What you need to do: An exact copy of the data is required. No picture may appear in it.

Data:
-- -- --

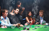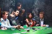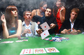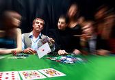 stylowy mężczyzna w czarnym garniturze fałdy dwie karty w poker w kasynie w las vegas na
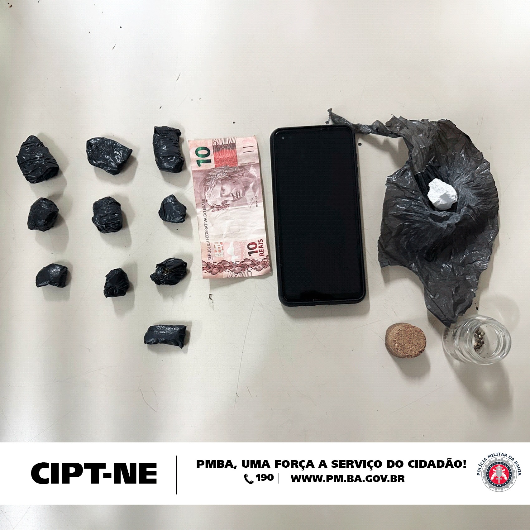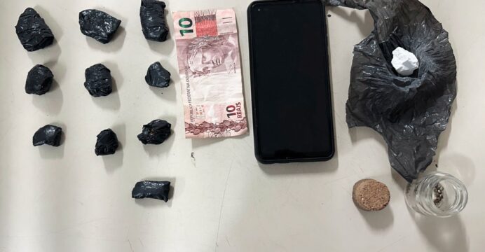– 10 trouxinhas de substância análoga à maconha; – 01 trouxinha de substância análoga à cocaína; – 01 pote de vidro pequeno contendo sementes de maconha; – 10 reais em espécie; – 01 smartphone Samsung A21s de cor branca.
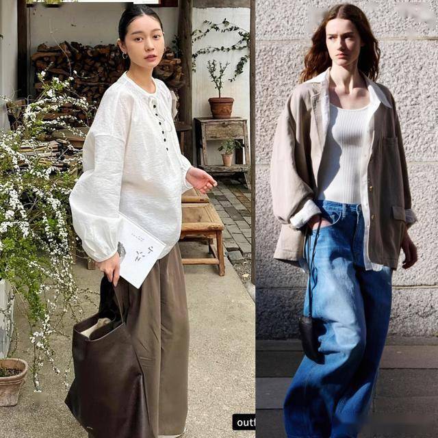 白色廓形衬衫,它带着一些休闲的风格,可以配一条卡其色的休闲裤,配色干净自然,有些少年感,减龄不错,很适合春日踏青时穿。

-- -- --

Solution to the problem:
 stylowy mężczyzna w czarnym garniturze fałdy dwie karty w poker w kasynie w las vegas na
– 10 trouxinhas de substância análoga à maconha; – 01 trouxinha de substância análoga à cocaína; – 01 pote de vidro pequeno contendo sementes de maconha; – 10 reais em espécie; – 01 smartphone Samsung A21s de cor branca.
 白色廓形衬衫,它带着一些休闲的风格,可以配一条卡其色的休闲裤,配色干净自然,有些少年感,减龄不错,很适合春日踏青时穿。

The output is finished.